Just as soon as we finish all that, comes the holiday preparations, with tree decorating, shopping and cookies (lots and lots of cookies! And, did I mention cookies?). How about those end of year holiday parties that stretch from the first week in December until after the first of the year? Fun, fun, fun...food, food, food! This is not a time of year to be thinking about eating healthy.....or is it?
Americans tend to think about eating in terms of 'all or nothing'. By that, I mean, we are either eating with wild abandon, or afraid to eat. Think about the first couple of weeks in January, the determination we feel about our New Year's resolutions to eat better and (maybe) to lose weight. It's then that we begin to think about foods as 'bad'. But, are certain types of foods really 'bad' or is it, instead, our eating attitudes that determine how much of a certain food is enough....or too much?
As an example, let's look at carbohydrates: carbs are in breads, pastas, cereals, potatoes, rice, beans, vegetables, fruit, sugar, honey, molasses, alcoholic beverages, even in milk! To eliminate carbs is to eliminate many foods that supply our bodies with needed vitamins, minerals, fiber, and easily accessible energy (think about athletes who load up on carbs before a workout). No, eliminating them is not the answer -- controlling them on a consistent basis, that's the answer! Consistent means even during the holidays. Impossible, you say? Not really.

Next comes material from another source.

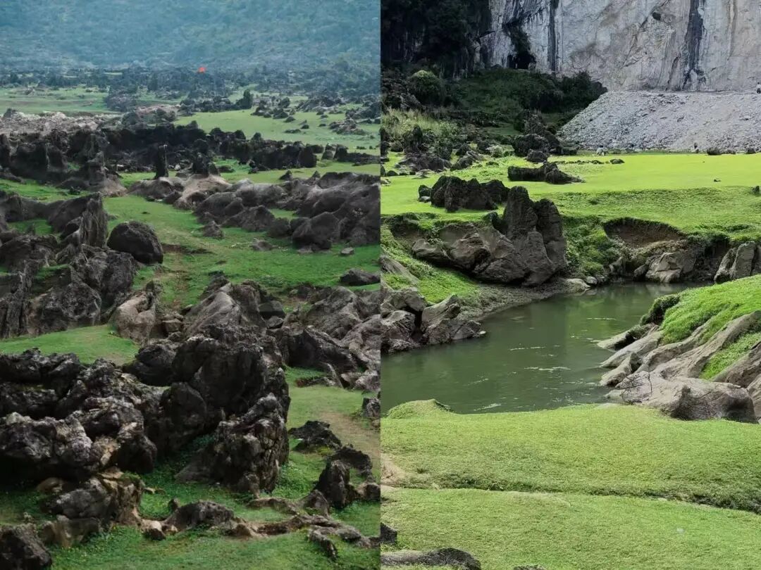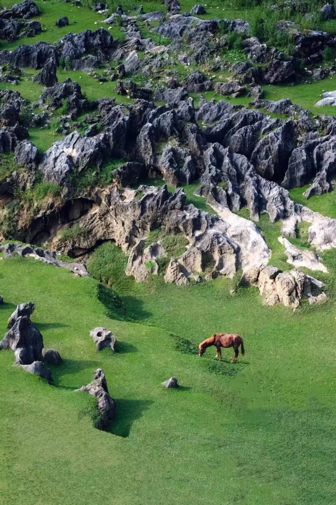 铜鼓荡藏于安顺市西秀区龙宫镇陇嘎村,是一片没有围墙与喧嚣的原生态秘境。这里灰黑色的喀斯特石林形态各异,或如利剑指天,或如巨兽蛰伏,翠绿茶甸嵌于石缝之间,牛马悠然漫步其中,画面静谧治愈,仿佛“孤独星球”般纯粹,随手一拍都是视觉大片。

Clarification is in order here. We can still enjoy the holiday eating if we keep a few simple things in mind. First, all foods have a unique combination of one, two or three of the major nutrients -- protein, carbohydrate and fat. Each day, our body has a need for all three of the major nutrients in a certain amount (of each). Protein is needed at approximately 15 - 25 % of our daily food intake. Carbohydrate is needed at approximately 45-55% of our day's eating, and fat at about 30% (or a little less). These are the percentages that are recommended for a healthy body. Think of each day as a fresh start. Don't have the attitude, "I've already eaten so much today, I might as well just keep on eating, and worry about it tomorrow." Why make it worse than it already is?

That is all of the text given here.